2A 001: *** No console found. You need a console to proceed.
2A 001: *** To recover: Add a BASEIO board and reset.
2A 001:
2A 001: *** Entering POD mode on node 1
2A 001: POD MSC Cac>
Compare this to your results, and the first thing I notice is this:
Code:
MSC VER 3.0
1A 000: Starting PROM Boot process
2A 000: Starting PROM Boot process
1A 000: *** early return from xbow_init: master 0x0, link 0xa
Node 1 CPU A is having an Xbow init problem. It could be with the node, or the backplane, or the interconnect.
If it is with the node, it should move with the node if you swap them (since you have two nodes). I'm going to assume you tried this.
If it is with the interconnect or the backplane, the error will be unchanged.
FWIW: I've seen some pretty dirty Onyx2's. The amount airflow in the system will blow the bigger dust bunnies out, but the smaller dust particles can still leave a film of powder that looks almost like laser printer toner. Another problem are the foam plugs on the end of the baffles installed in empty slots. These disintegrate with age and leave crap on the connector pads (where the compression connectors mate) of the backplane. You have to be careful with that, because if you upgrade a system with something in a slot that used to be empty you may end up with that crap in the compression connector of the new board and then you're screwed. This happened to me when I installed a PCI cage in an Octane.
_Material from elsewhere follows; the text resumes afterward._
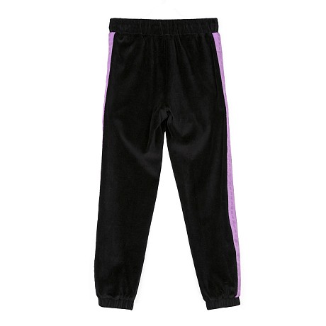 Брюки John Richmond – это стильный и комфортный выбор для маленьких модниц! Изготовленные из 100% полиэстера с подкладкой из хлопка, они украшены яркими фиолетовыми вставками по бокам и эластичной резинкой на талии. Нежная черная основа с фиолетовыми вставками создает модный и комфортный наряд. На фотографиях видна эластичная резинка на талии и мягкая текстура ткани. Качество от бренда из Италии и внимание к деталям делают эти брюки отличным выбором для вашего ребенка!

Unlike compression connectors it's possible to clean the contact pads on the backplane with pure alcohol and a lint-free cloth.
You also need to reflect on how the system was when you got it, and what this might mean. Did it have nodeboards in it? If not, could it be the system broke at some point and was used as a parts donor for another system?
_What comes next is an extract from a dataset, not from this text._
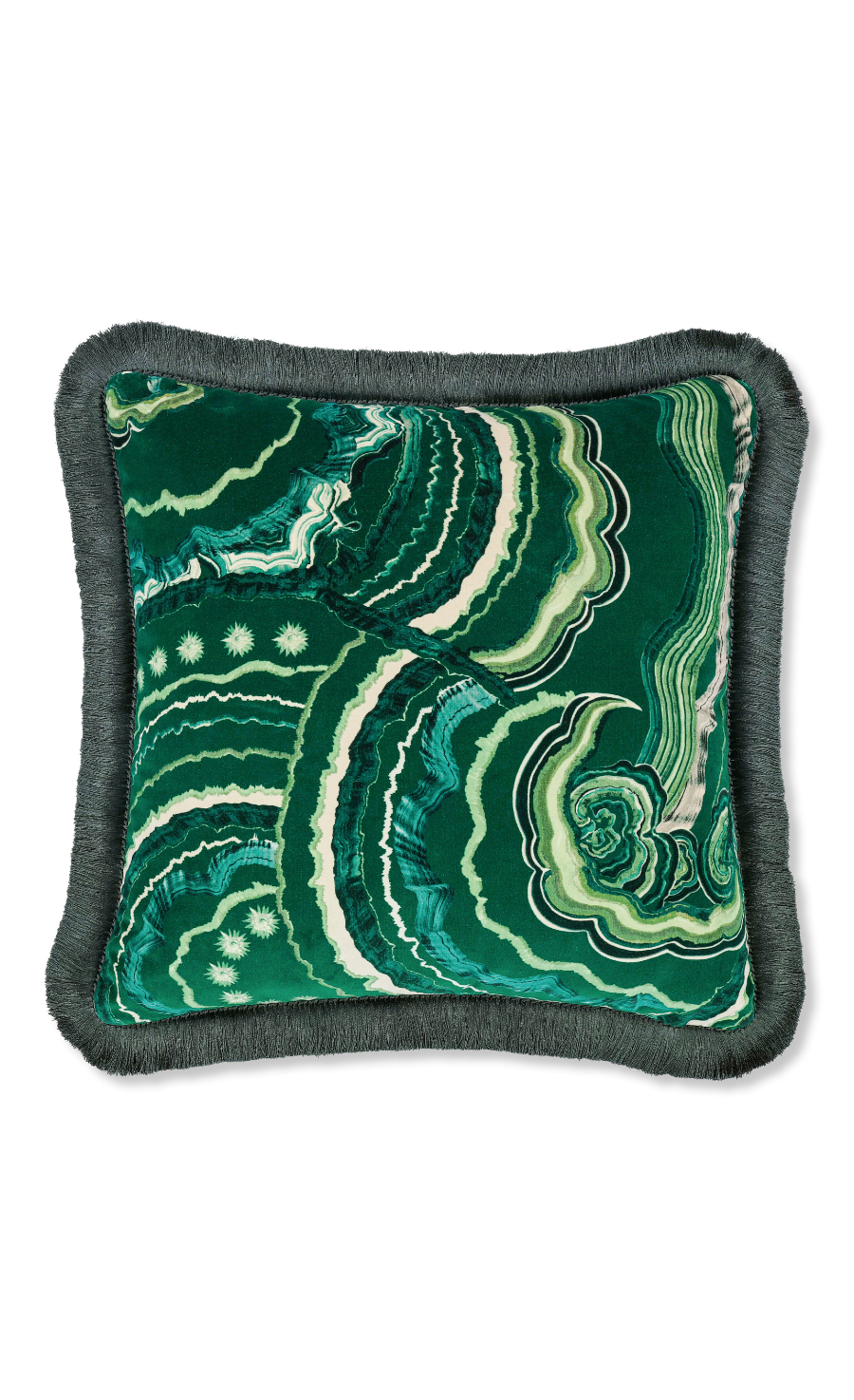 A sumptuous, deep pile velvet cushion featuring a hypnotic display of agate inspired swirls that exudes a psychedelic sophistication. More.

Oh, you're aware that the backplane needs to be re-jumpered if you take out 180MHz nodes and replace them with anything other than 180MHz nodes? These two jumpers are set correctly, right? I assume this would be more of a problem if you try to run a 180MHz node on a backplane jumpered for the higher link speed of the newer (faster) nodes, not the other way around.